What you should do: Drop every image, then reproduce the data exactly as given.

Data segment:
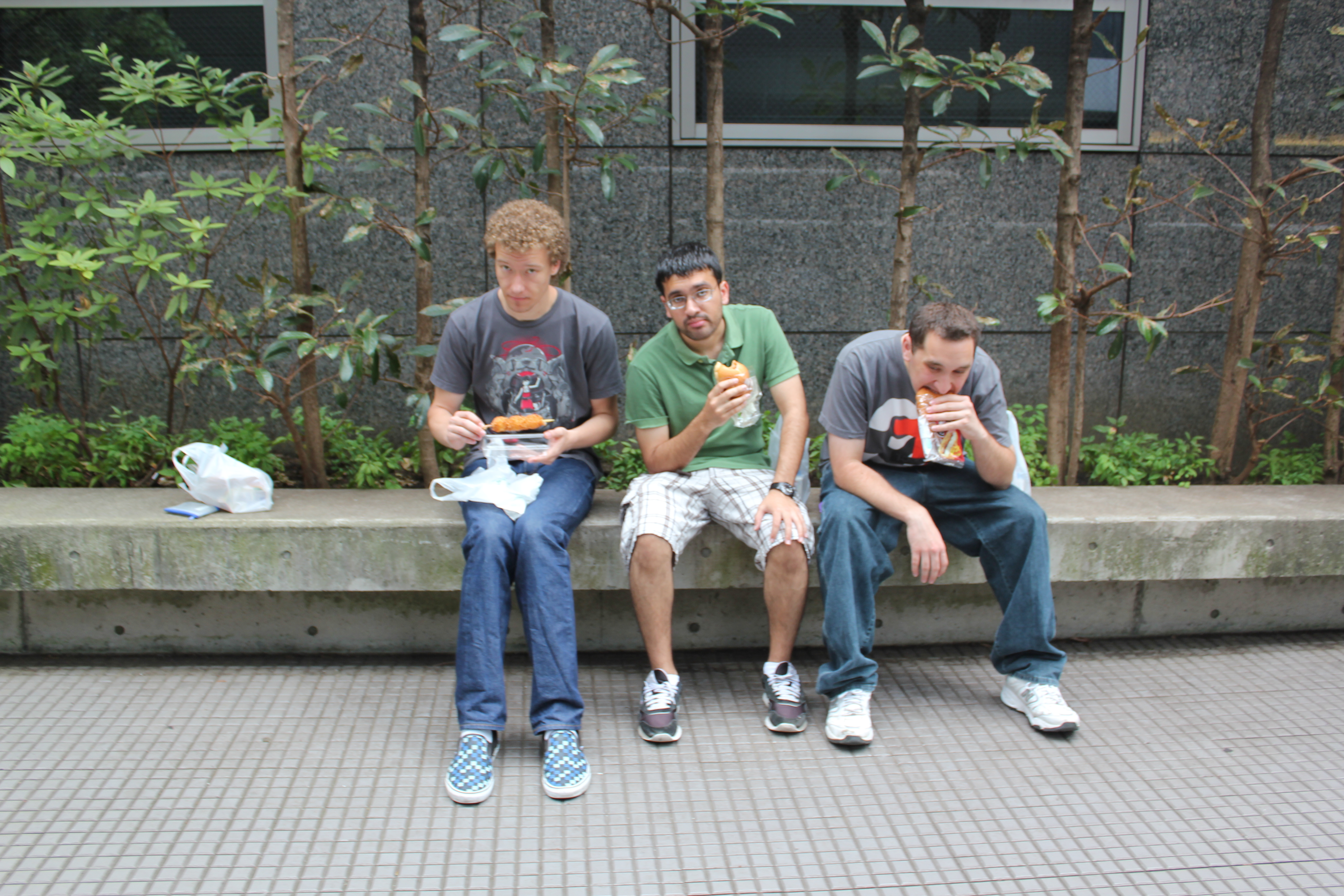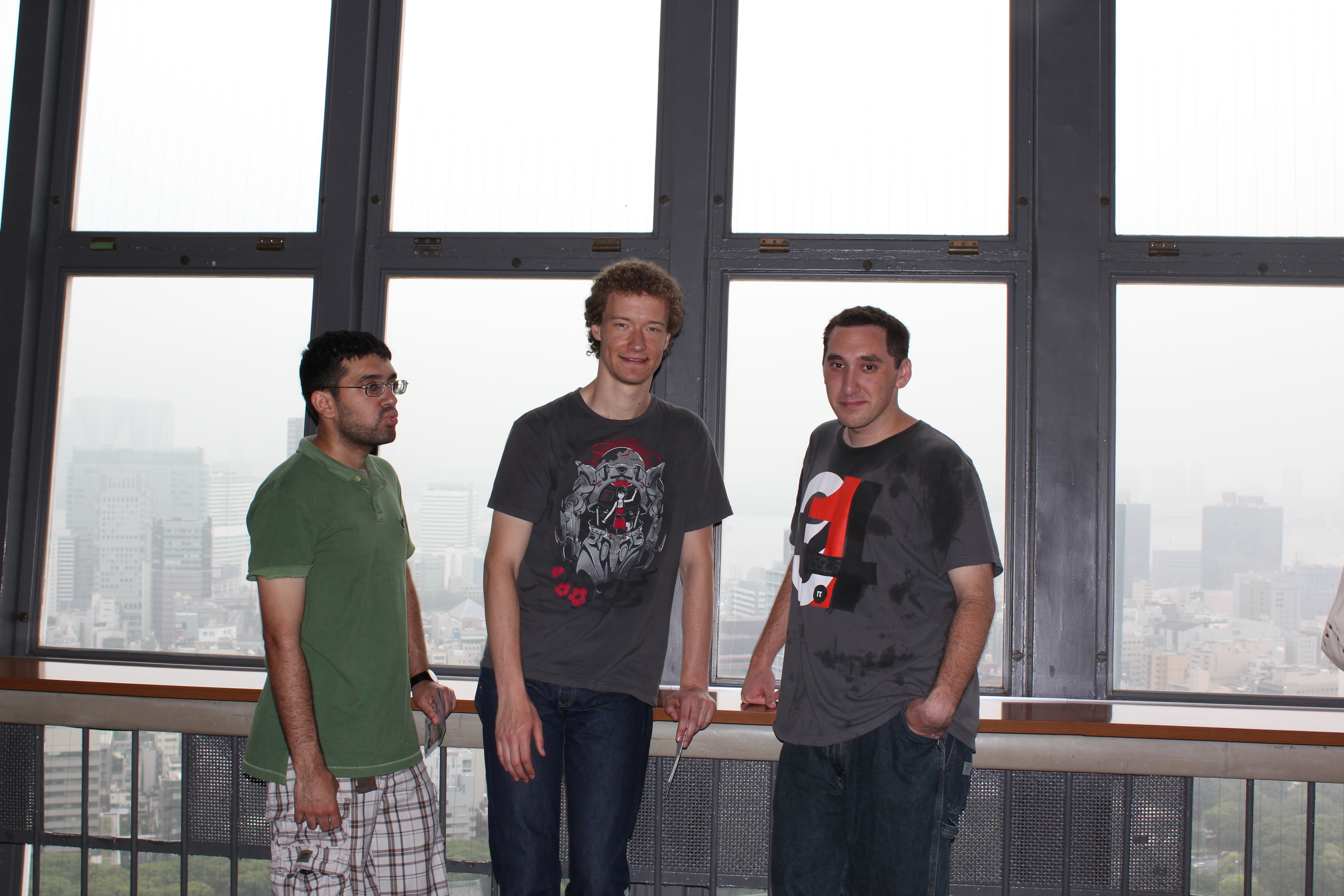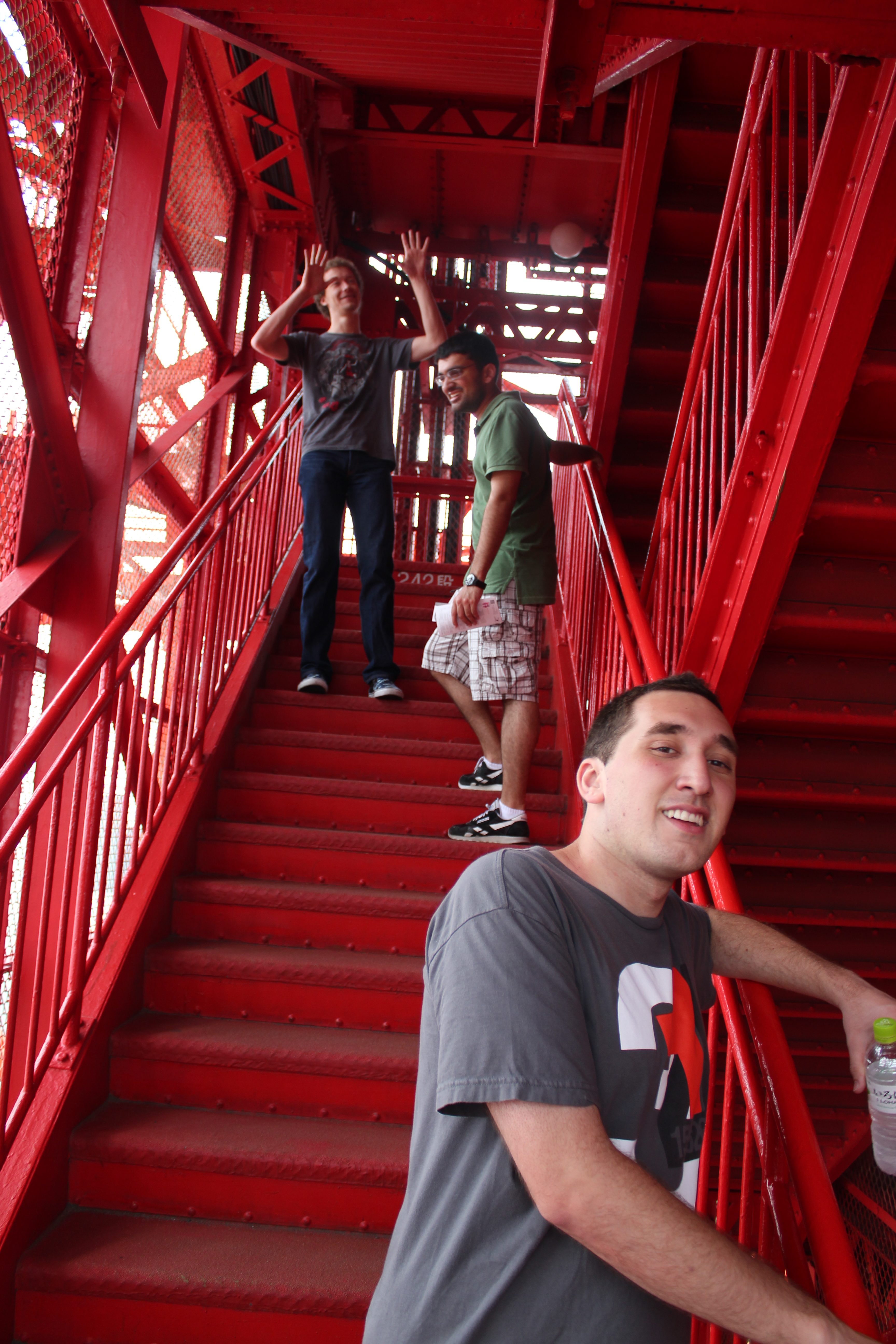 It was a little overcast that day, and we were glad it didn't end up turning stormy as they close the upper parts of the tower in bad weather. Our main goal at Tokyo Tower was to traverse all the stairs to the observation deck, as I had seen somewhere on the internet that they give out certificates to anyone to completes the climb. We all toughed it out through the 600 or so stairs up the tower, getting pretty hot and sweaty by to top. We were most disappointed to find that the observation was completely enclosed with no access to fresh air, so we just had to sit down and sweat it out. We all got some souvenirs (I got a postcard for my Grandma) and ice cream before heading back down. We took some pictures with silly poses at the bottom of the tower on the way out, and were most pleased when a couple of Japanese tourists asked us to take their picture and struck the same pose as us.
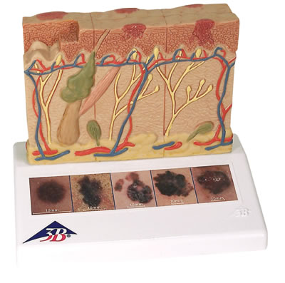這款3B Scientific®病變模型放大8倍展示了6個不同階段的黑色皮膚腫瘤的前面和側(cè)面:•健康的皮膚•黑色細胞位于表皮的表面•黑色細胞充滿表皮,稍微入侵乳突層•黑色細胞充滿乳突層•黑色細胞入侵網(wǎng)狀組織層•黑色細胞已達到皮下脂肪纖維,其隨體細胞位于靜脈附近
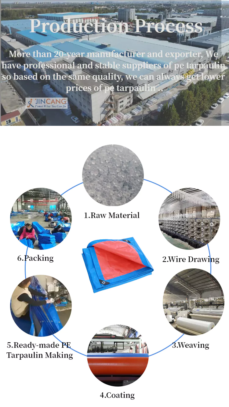 Tá Jincang ar cheann de na monaróirí gairmiúla Rolla Tarpaulin PE sa tSín, tá 90 GSM Strip PE Tarpaulin Roll pacáiste de réir an rolla. Is é an leithead de ghnáth 1.83m, 2m,4m,5m,6m.The Fad de ghnáth 63m,91, 100m 200m etc.And is féidir linn a shaincheapadh freisin mar do riachtanais. Úsáidtear go forleathan é le haghaidh cosanta lasmuigh, ag clúdach earraí, láithreáin tógála, críocha talmhaíochta, agus scáthláin shealadacha.

Response to the task:
 It was a little overcast that day, and we were glad it didn't end up turning stormy as they close the upper parts of the tower in bad weather. Our main goal at Tokyo Tower was to traverse all the stairs to the observation deck, as I had seen somewhere on the internet that they give out certificates to anyone to completes the climb. We all toughed it out through the 600 or so stairs up the tower, getting pretty hot and sweaty by to top. We were most disappointed to find that the observation was completely enclosed with no access to fresh air, so we just had to sit down and sweat it out. We all got some souvenirs (I got a postcard for my Grandma) and ice cream before heading back down. We took some pictures with silly poses at the bottom of the tower on the way out, and were most pleased when a couple of Japanese tourists asked us to take their picture and struck the same pose as us.
這款3B Scientific®病變模型放大8倍展示了6個不同階段的黑色皮膚腫瘤的前面和側(cè)面:•健康的皮膚•黑色細胞位于表皮的表面•黑色細胞充滿表皮,稍微入侵乳突層•黑色細胞充滿乳突層•黑色細胞入侵網(wǎng)狀組織層•黑色細胞已達到皮下脂肪纖維,其隨體細胞位于靜脈附近
 Tá Jincang ar cheann de na monaróirí gairmiúla Rolla Tarpaulin PE sa tSín, tá 90 GSM Strip PE Tarpaulin Roll pacáiste de réir an rolla. Is é an leithead de ghnáth 1.83m, 2m,4m,5m,6m.The Fad de ghnáth 63m,91, 100m 200m etc.And is féidir linn a shaincheapadh freisin mar do riachtanais. Úsáidtear go forleathan é le haghaidh cosanta lasmuigh, ag clúdach earraí, láithreáin tógála, críocha talmhaíochta, agus scáthláin shealadacha.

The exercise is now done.